Retirement plans should be regulated by the Department of Labor to determine which fees are reasonable and how they are disclosed to employees instead of through the court system, said Jamie Fleckner, a partner and chair of ERISA litigation at Goodwin Procter in Boston.
“The court system is not a good mechanism to affect larger goals,” he said. “This is an important threshold for plaintiffs and may embolden some lawyers to bring more cases.”
While there is a not a “one-size-fits-all approach,” some employers believe they have the resources and expertise to manage retirement programs, because they “know their employees best,” while other businesses outsource these benefits, Fleckner said.
The Supreme Court ruling is a win for employees, because “employers have an obligation to continually monitor whether or not the plan is cost-effective and employers can't just set up a plan once and forget about it,” said Easterbrook.
Employers need to revamp their exiting plans to provide more transparency on their fees, provide funds with lower costs and regulate the conflicts of interest.
“More 401(k) administrators will be forced to change their business model,” Easterbrook said. “If your clients are being hit with lawsuits, you will be forced to address the issues with high fees, conflicts of interest and transparency. The industry is ten years behind where it should be.”
Employees have been fighting back against high 401(k) fees and recent lawsuits have proven that the courts are siding with them. Other lawsuits in the past few years have settled in the favor of the employees. Even financial services companies are not immune from this growing issue. Ameriprise Financial, the Minneapolis-based financial services company agreed to pay $27.5 million while Lockheed Martin, the Bethesda, Md.-based defense firm paid $62 million. Other lawsuits include Nationwide, the Columbus, Ohio insurance company, Fidelity, the largest 401(k) plan administrator in the nation and based in Boston, ING, the Amsterdam-based bank and International Paper, the Memphis pulp and paper products company.
Fees Add Up Quickly
The fees assessed in 401(k) plans are complicated, so examine the plan carefully. The first set of fees are the ones assessed by the mutual funds and 401(k) plans are “notorious for using very expensive mutual funds often, because the plan sponsor or the employer receives a credit against the fees they pay to manage the plan from including these funds, said David Twibell, president of Custom Portfolio Group in Englewood, Colo.

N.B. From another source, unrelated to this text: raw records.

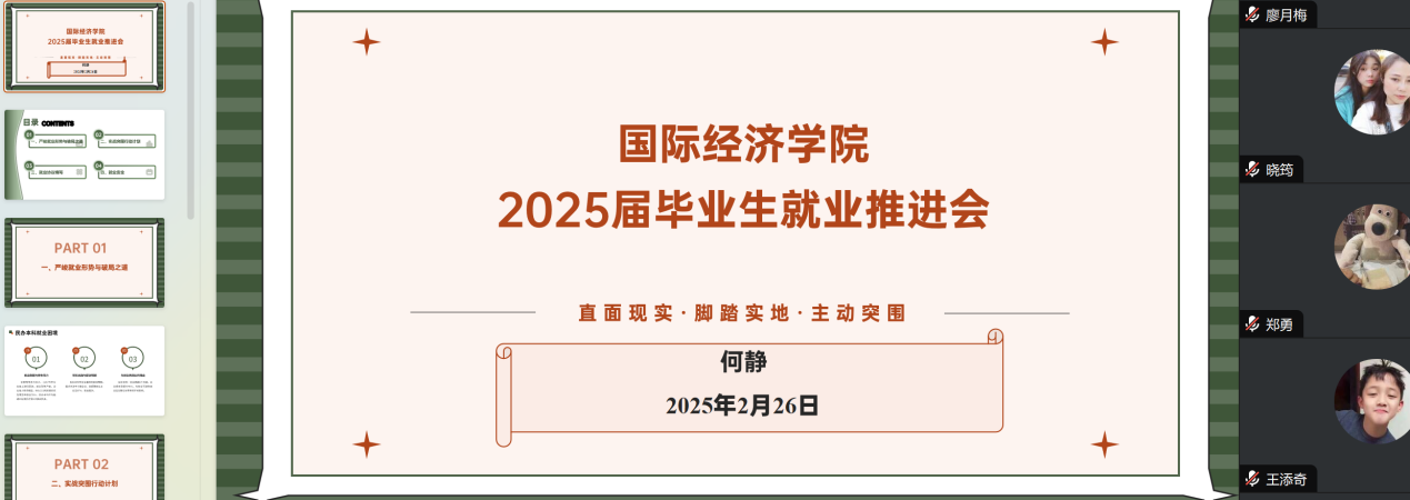 为进一步做好2025届毕业生就业工作,加强对毕业生就业的指导与帮助,多渠道为毕业生提供就业渠道,确保毕业生顺利就业及提高毕业生就业安全意识。国际经济学院于2月26日21:00通过腾讯会议召开了2025届毕业生就业推进会。本次会议由辅导员何静老师主持召开,2025届全体毕业生参会。
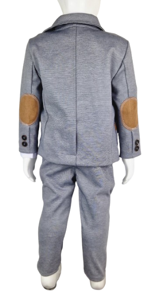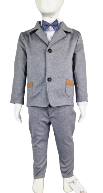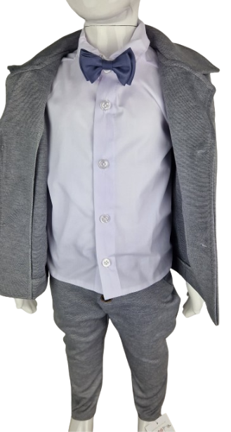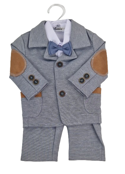 Garnitur dla chłopca to elegancki i stylowy zestaw, który składa się z marynarki, koszuli, muszki i spodni, wszystkie wykonane z wysokiej jakości dzianiny bawełnianej. Dzianina ta nie tylko zapewnia komfort noszenia, ale także dodaje lekkości i elastyczności całemu garniturowi, co jest szczególnie ważne dla aktywnego trybu życia maluszków.
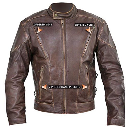 This racer jacket is anatomically fitted for riding position. It is made of premium top grain distressed cowhide leather for maximum abrasion resistance. In addition to protection, distressed leather gives unique look and feel to each jacket. On the back of the jacket is an enlarged flying skull with the word "mayhem" above. The jacket also features heavy-duty zippers, zippered chest and rear exit vents, 2 exterior zippered hand pockets, 2 interior snap pockets, a removable insulating inner zip-out quilted vest liner, zippered cuffs, lower back padding, and lace tie-ups on sides for adjustable fit.
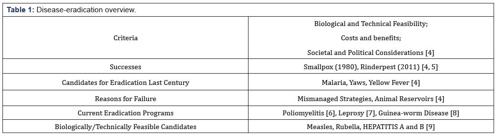 - Alyward B, Hennessey KA, Zagario N, Olive J M, Cochi S (2000) When Is a Disease Eradicable? 100 Years of Lessons Learned. American Journal of Public Health 90(10): 1515-1520.
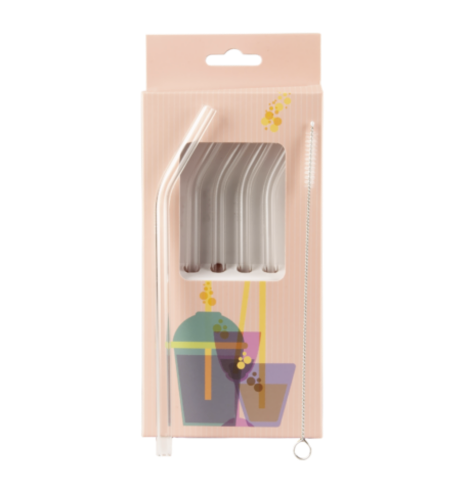 4 pieces. Borosilicate glass. The package includes a brush for cleaning.
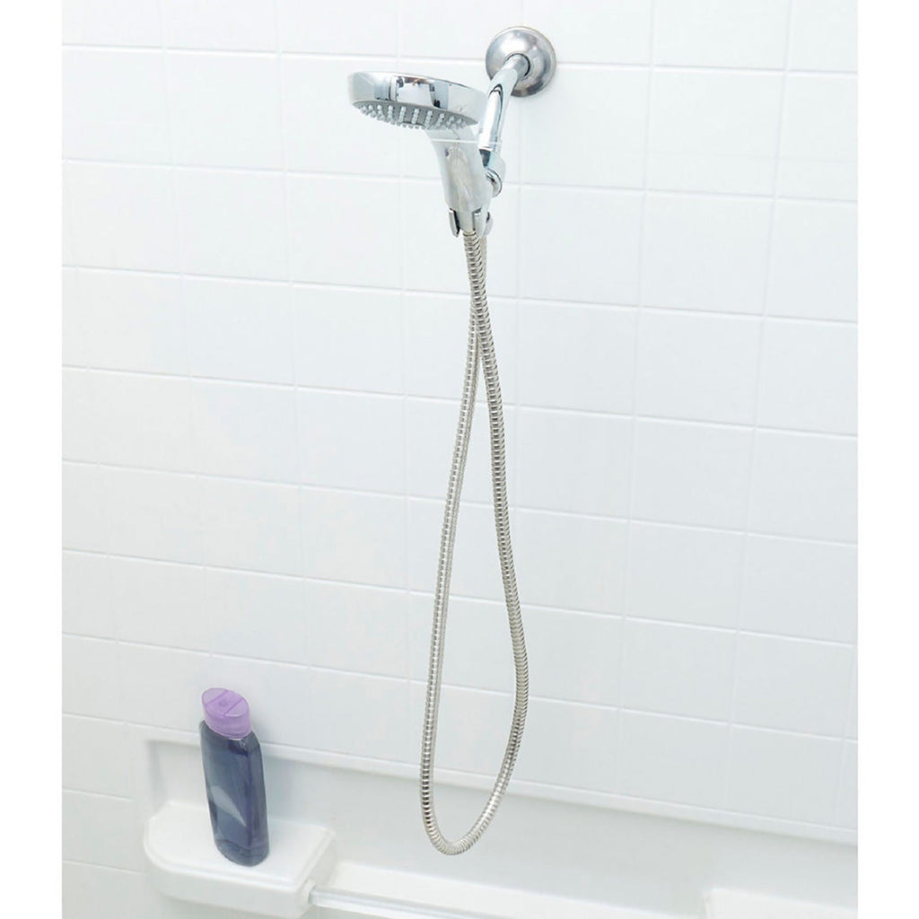 Elevate your shower experience with Home Basics' chrome massage single-function shower head that allows for a luxurious and soothing shower. Its chrome finish adds a touch of elegance to any bathroom while also being a practical choice for cleaning your bathtub or pets. The shower head is made from durable ABS and stainless steel and features rubber nozzles for even water distribution. It's easy to install without tools or drilling and comes with everything you need for a hassle-free experience, including a water hose, plumbers tape, bracket, and washers. With a flow rate of 2.26 GPM, this shower head is perfect for use in your master or guest bathroom.
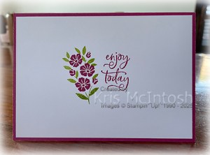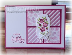 I stamped the greeting from the Labeled with Love stamp set beside the Designer Series Paper panel using Berry Burst ink. The whole panel is attached to scored and folded Berry Burst card. I stamped the floral image from the Labeled with Love stamp set onto Basic White card using Berry Burst ink. I stamped the leaf image around the flowers using Granny Apple Green ink. The floral image is cut out using the Labeled with Love Die before being attached to the centre of the Designer Series Paper panel using dimensionals.
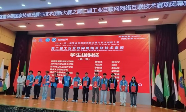 新闻网讯(通讯员 戴敏)11月7日至10日,“2024一带一路暨金砖国家技能发展与技术创新大赛”第二届工业互联网网络互联技术赛项全国总决赛在芜湖职业技术学院成功举办,十大信誉官网智能工程学院廖天乐、郑紫妍、唐宝成、张衡四位学生组成的两支参赛队,与来自全国各省、直辖市及自治区的115支代表队同台竞技,经过4小时的激烈角逐,最终双双荣获高职组铜奖。

The fees “can eat up nearly 30% of your retirement savings over ten years, even a seemingly small annual fee such as 1.27%, which is the average U.S. mutual fund fee,” said Mitch Tuchman, managing director of Rebalance IRA in Palo Alto, Calif.

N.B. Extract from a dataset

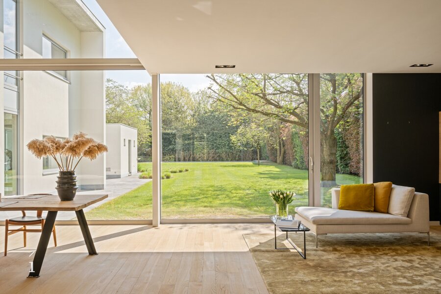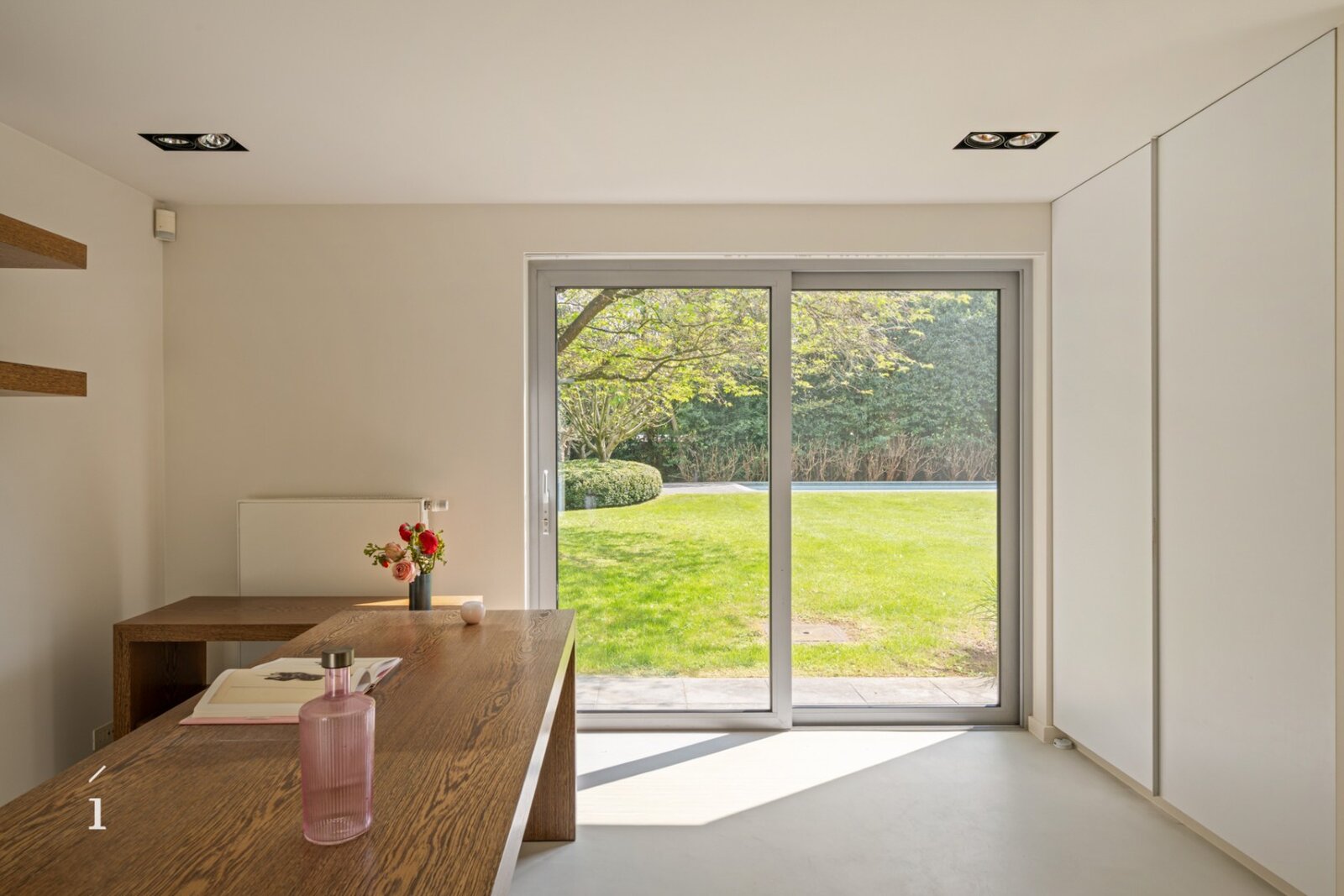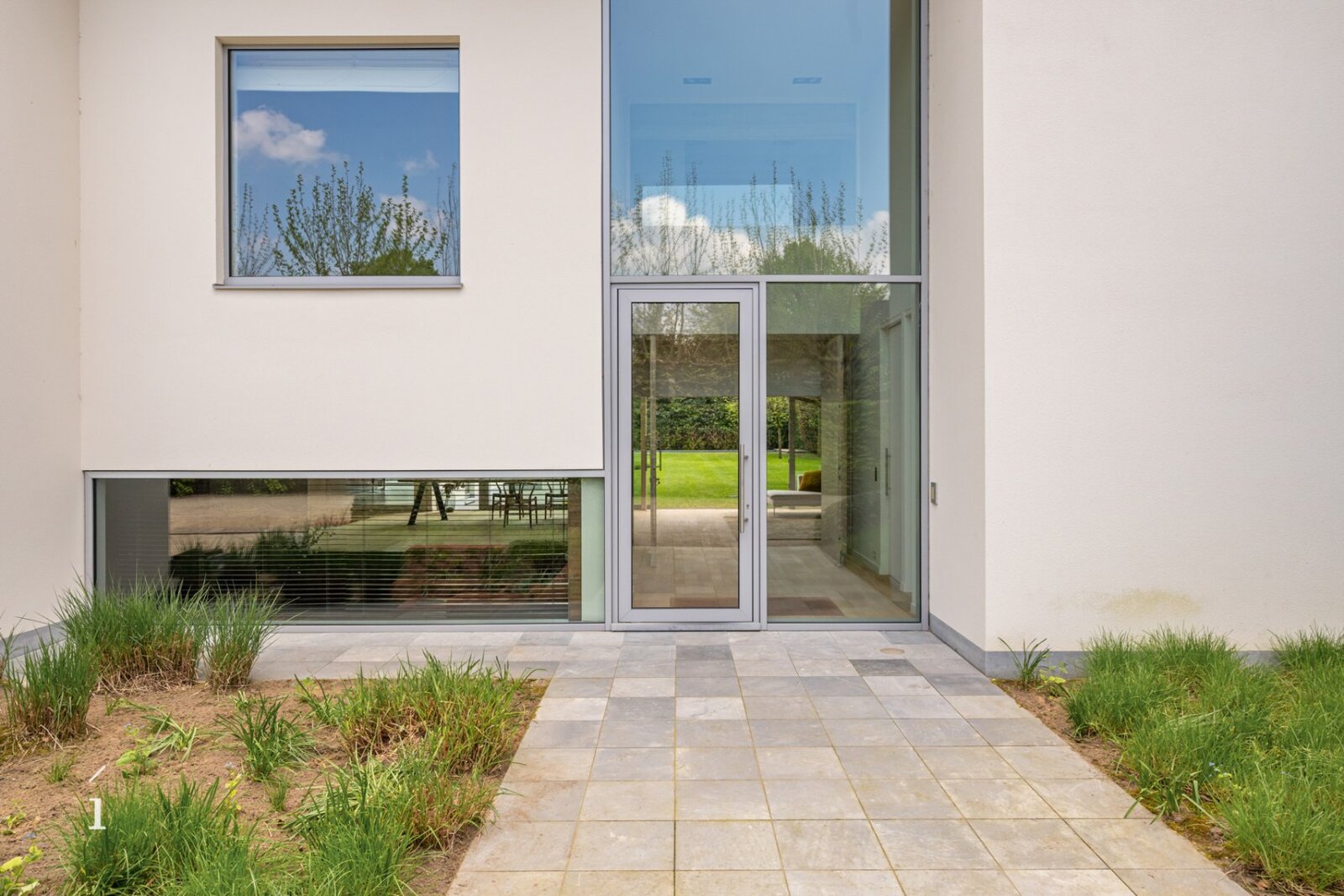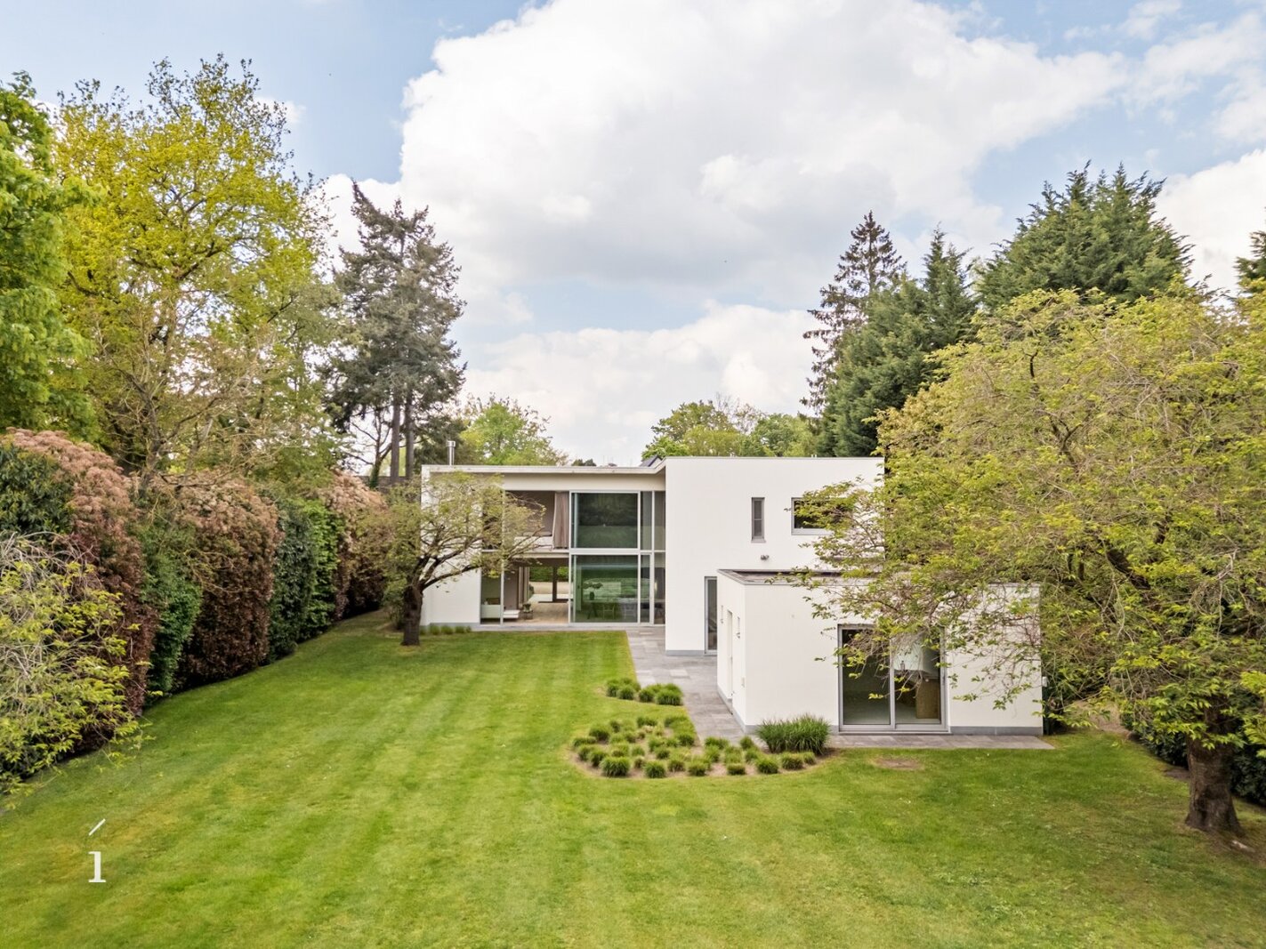Discreet gelegen villa met tijdloze architectuur en zwembad in de kern van Sint-Martens-Latem

A second category of fees are those that are passed through to the participants by the employer. They can vary quite a bit, because the company has wide latitude in deciding which fees to pass onto the employee participants, said Twibell. In some cases, the employer picks up all the fees, but more often than not, the employee foots most of the bill.

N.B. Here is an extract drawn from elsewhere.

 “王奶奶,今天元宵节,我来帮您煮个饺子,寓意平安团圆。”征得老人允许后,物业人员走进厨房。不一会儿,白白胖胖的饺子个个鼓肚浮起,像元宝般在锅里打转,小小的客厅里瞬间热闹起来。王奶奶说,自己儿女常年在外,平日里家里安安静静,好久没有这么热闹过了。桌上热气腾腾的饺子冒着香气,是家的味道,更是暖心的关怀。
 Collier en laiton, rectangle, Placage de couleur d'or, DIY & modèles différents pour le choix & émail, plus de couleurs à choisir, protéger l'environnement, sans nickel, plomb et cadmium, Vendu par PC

The two fees add up, with some employees who end up paying over 2% in additional management and administrative fees, which is $2,000 in unnecessary fees on a $100,000 retirement account each year.
“Imagine someone who keeps their funds in their former employer’s plan for a decade or two, which happens more often than you might think,” Twibell said. “Now we’re talking as much as $40,000 in unnecessary fees. There aren’t many people that can afford to throw away that kind of money for no real purpose.”